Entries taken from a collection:
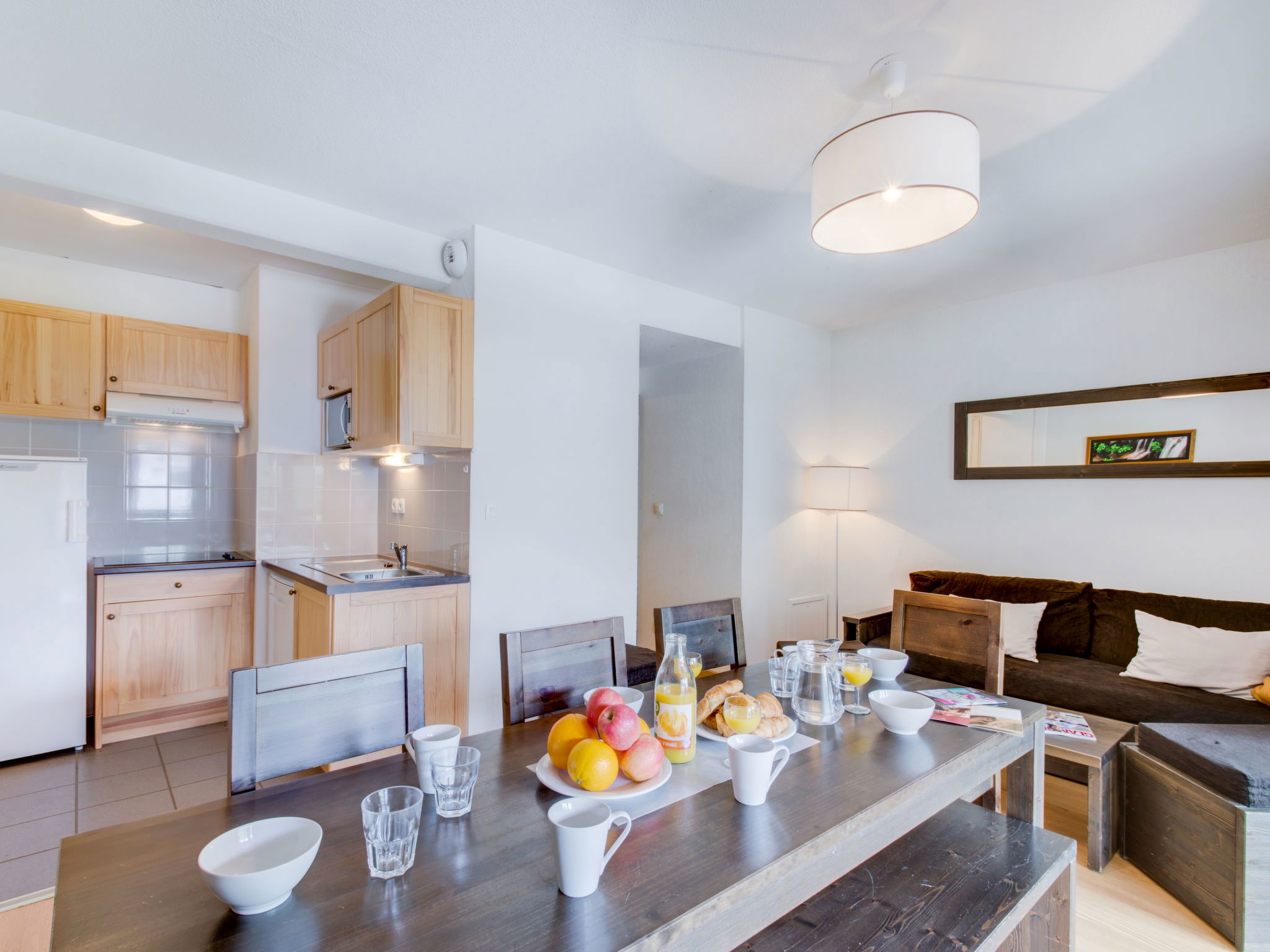 "Jardins de Balnéa 2 pièces 6 pers.", 2-room apartment 40 m2. Practical and comfortable furnishings: living/sleeping room with 1 double sofabed and TV. 1 room with 2 beds. Alcove with 1 x 2 bunk beds. Kitchenette (dishwasher, 4 ceramic glass hob hotplates, microwave). Bathroom, sep. WC. Electric heating. Balcony or terrace. Facilities: Internet (WiFi, free). Maximum 1 pet/ dog allowed. Instead of an enclosed bedroom, some sleeping areas are located in an open-plan area (gallery, alcove, etc.).
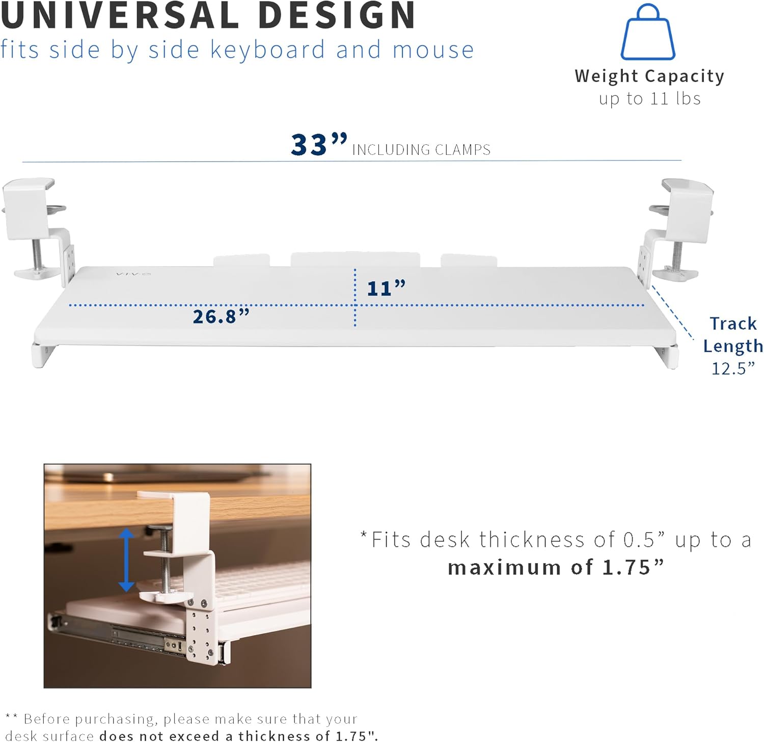 - Save Desk Space: This 26.8" (33" including clamps) x 11" under-desk keyboard tray holds your keyboard, mouse, and other accessories below your desk for added work space. Holds up to 11 lbs and extends a maximum of 8.5" from desk edge --Patent Pending--
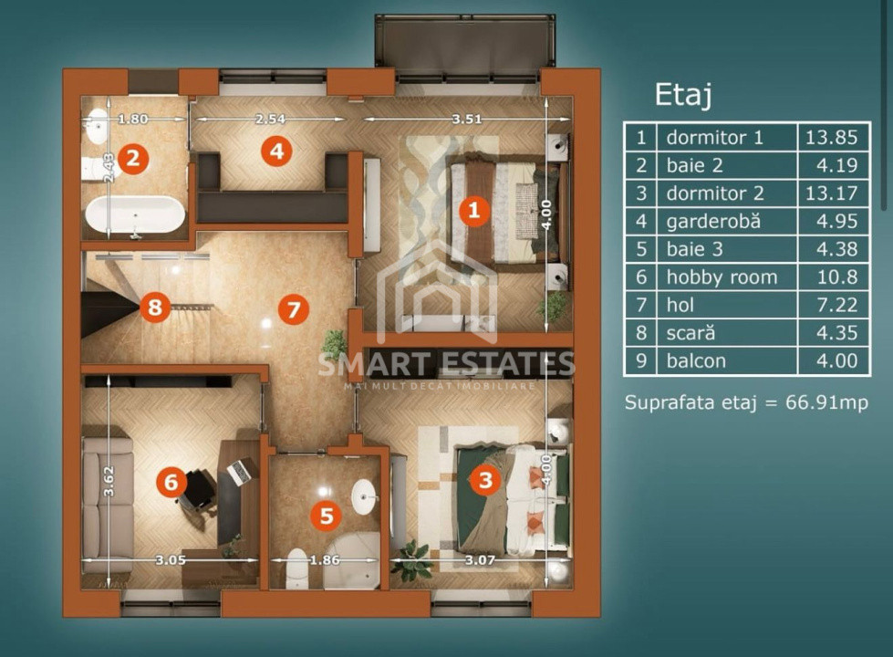 - 3 dormitoare
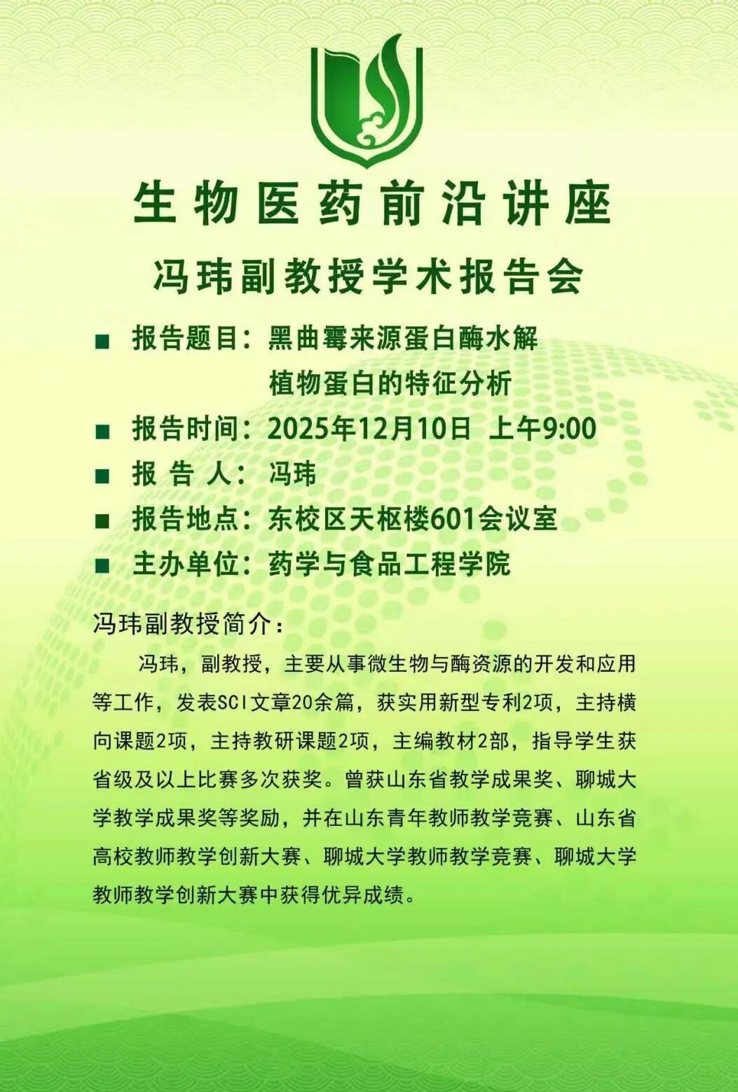 2025年12月10日,我院于东校区天枢楼# 601举办“黑曲霉来源蛋白酶水解植物蛋白的特征分析”主题学术报告会。冯玮副教授系统阐述了黑曲霉蛋白水解酶系的挖掘、鉴定、功能解析及其在植物蛋白可控水解中的应用研究。通过酶的组合优化,实现了对大豆分离蛋白的高效、可控水解,为植物蛋白的精深加工与高值化利用提供了重要的酶工具与理论依据。
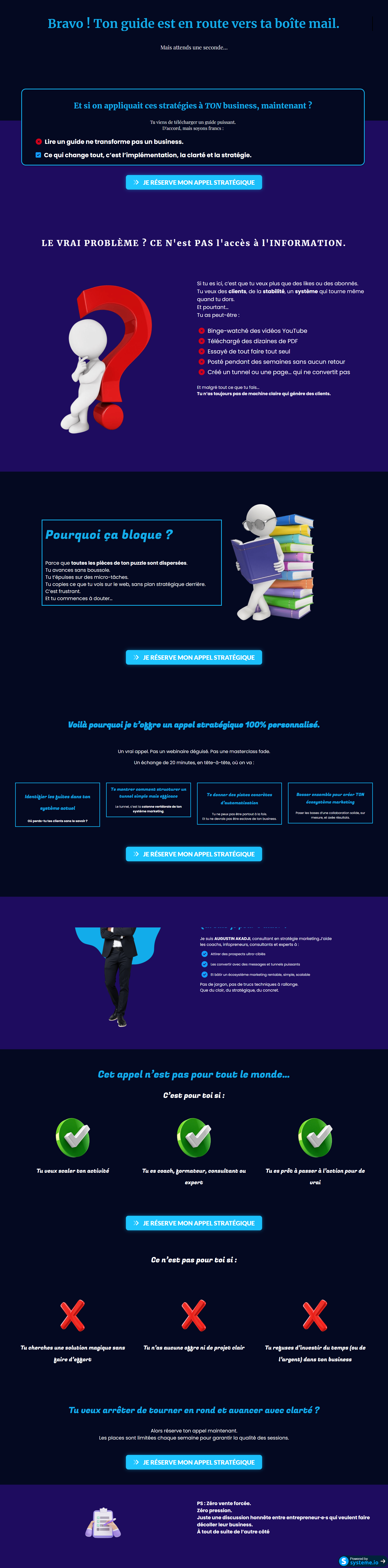 J’aide les coachs, consultants et freelances à scaler leur activité grâce à une stratégie claire, un tunnel de vente efficace, un design premium… et même des shootings photo professionnels réalisés avec l’IA.
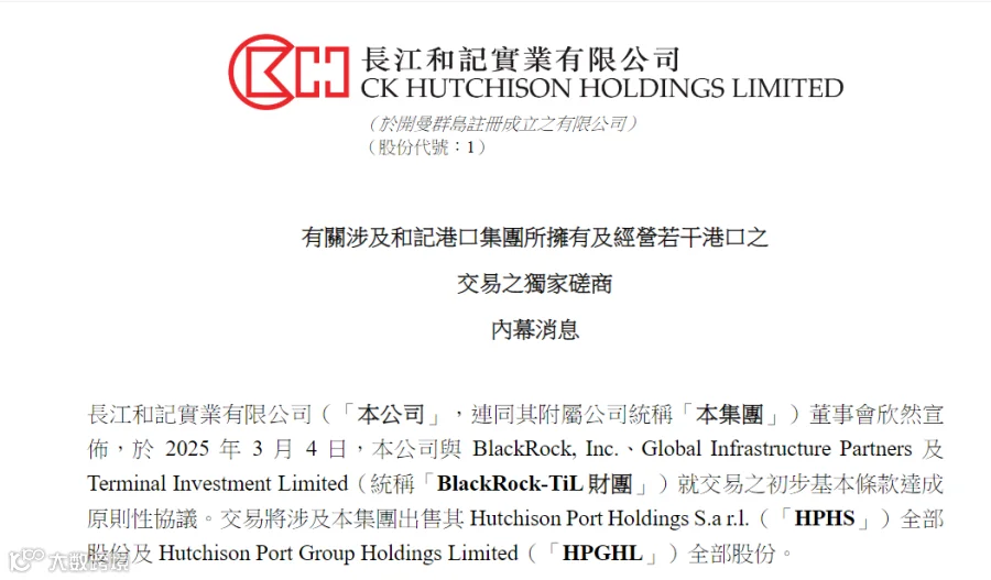 3月4日深夜,李嘉诚旗下长江和记实业有限公司(00001.HK)在港交所公告,宣布与贝莱德(BlackRock)牵头的财团达成原则性协议,出售其全球港口业务核心资产,其中涉及巴拿马港口公司90%股权。
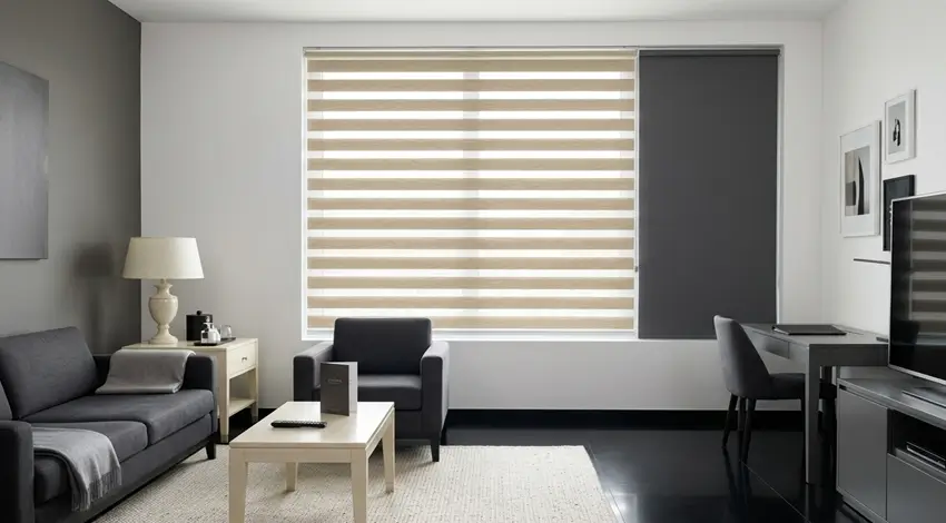 La roller duo zebra tiene franjas alternadas que permiten controlar la luz sin subir totalmente la cortina, ofreciendo privacidad parcial o total según la posición.
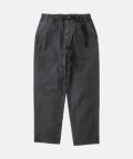 ブランドのルーツであるクライミングシーンにおける機能性に加え、左右についた大きなポケットが特徴です。ゆとりのあるヒップと腿周り、膝から裾にかけて徐々に細くなるテーパードシルエット。耐久性が高く、ハリコシのある、激しい動きにも耐えるオーガニックコットンツイルを使用し、雰囲気のある表情に染め上げています。同シルエットでクロップド丈のLOOSE TAPERED PANTも展開しています。

WHAT IS NEEDED:
Stop after the line containing "2025年12月10日,我院": copy the records exactly from the first line up to there, leaving pictures out.

YOUR SOLUTION:
 "Jardins de Balnéa 2 pièces 6 pers.", 2-room apartment 40 m2. Practical and comfortable furnishings: living/sleeping room with 1 double sofabed and TV. 1 room with 2 beds. Alcove with 1 x 2 bunk beds. Kitchenette (dishwasher, 4 ceramic glass hob hotplates, microwave). Bathroom, sep. WC. Electric heating. Balcony or terrace. Facilities: Internet (WiFi, free). Maximum 1 pet/ dog allowed. Instead of an enclosed bedroom, some sleeping areas are located in an open-plan area (gallery, alcove, etc.).
 - Save Desk Space: This 26.8" (33" including clamps) x 11" under-desk keyboard tray holds your keyboard, mouse, and other accessories below your desk for added work space. Holds up to 11 lbs and extends a maximum of 8.5" from desk edge --Patent Pending--
 - 3 dormitoare
 2025年12月10日,我院于东校区天枢楼# 601举办“黑曲霉来源蛋白酶水解植物蛋白的特征分析”主题学术报告会。冯玮副教授系统阐述了黑曲霉蛋白水解酶系的挖掘、鉴定、功能解析及其在植物蛋白可控水解中的应用研究。通过酶的组合优化,实现了对大豆分离蛋白的高效、可控水解,为植物蛋白的精深加工与高值化利用提供了重要的酶工具与理论依据。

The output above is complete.